Braley went on to collect four Grey Cups during his time as an owner in the CFL. Three of them were with the BC Lions, and his last was with the Toronto Argonauts, which he owned from 2010 to 2015.

The Argonauts won the 100th Grey Cup in 2012. 

He also acted as chairman of the CFL’s Board of Governors and served as an interim commissioner from March to November in 2002. 

Braley was inducted into the Canadian Football Hall of Fame (2012), McMaster Sports Hall of Fame (2007) and Hamilton Sports Hall of Fame (2006).

Tributes to man whose name adorns buildings across the city are being posted on social media. 
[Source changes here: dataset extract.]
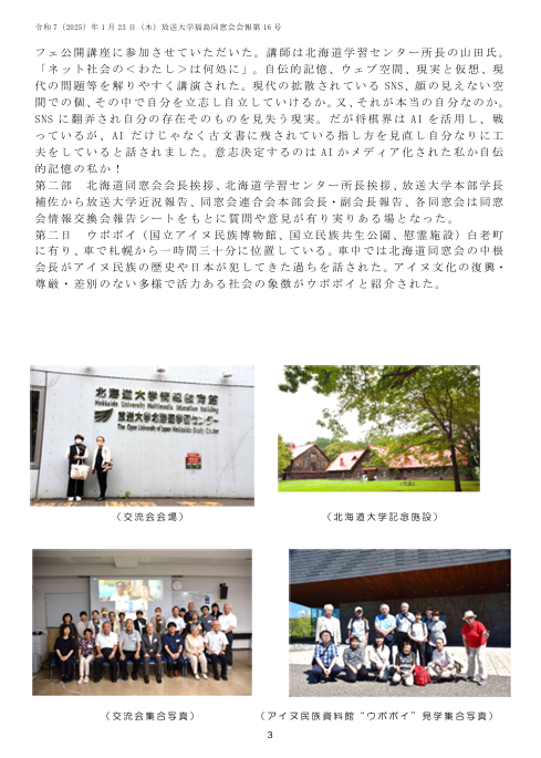 第一日 北海道同窓会の大内幹事の司会進行で始まり、第一部 アカデミックカフェ公開講座に参加させていただいた。講師は北海道学習センター所長の山田氏。「ネット社会の<わたし>は何処に」。自伝的記憶、ウェブ空間、現実と仮想、現代の問題等を解りやすく講演された。現代の拡散されているSNS、顔の見えない空間での個、その中で自分を立志し自立していけるか。又、それが本当の自分なのか。SNSに翻弄され自分の存在そのものを見失う現実。だが将棋界はAIを活用し、戦っているが、AIだけじゃなく古文書に残されている指し方を見直し自分なりに工夫をしていると話されました。意志決定するのはAIかメディア化された私か自伝的記憶の私か!

Along with contributions to football, Braley championed sport in Hamilton by helping to bring the World Cycling Championships to the city in 2012. 

He was also part of southern Ontario’s successful bid for the 2015 Pan Am Games, which saw Tim Hortons Field host all 32 soccer matches. 

“David Braley…was our champion in every sense of the word,” said CFL commissioner Randy Ambrosie in a statement. 

“David didn’t just talk about this idea. He lived it. An owner of the Hamilton Tiger-Cats, as well as the Argos and Lions, he often stepped in to sustain and turn around franchises when they needed him the most.”

Braley was born in Montreal in 1941, but moved to Hamilton two years later. The Ticats say he discovered his true passion for football after attending his first Tiger-Cats game at Ivor Wynne Stadium. 

He played high school football at Westdale Secondary School, studied sciences at McMaster University, and worked with General Motors Acceptance Corporation in Hamilton and then with London Life Insurance.

In 1969, he purchased William Orlick Industries, which is now known as Orlick Industries, and transformed it into a leading manufacture of aluminum die-cast auto parts that provided hundreds of jobs in the Hamilton area. 

Braley has donated over $125 million to various organizations, says the Ticats media release. 

From August 2006 to June 2007, he donated $50 million to McMaster’s medical school and another $5 million for the university’s athletic centre, which is named after him. 

Braley also gave $10 million to Hamilton Health Sciences for a new cardiac, vascular and research institute, also named after the philanthropist, and $5 million to St. Joseph’s Healthcare for operating rooms and kidney care.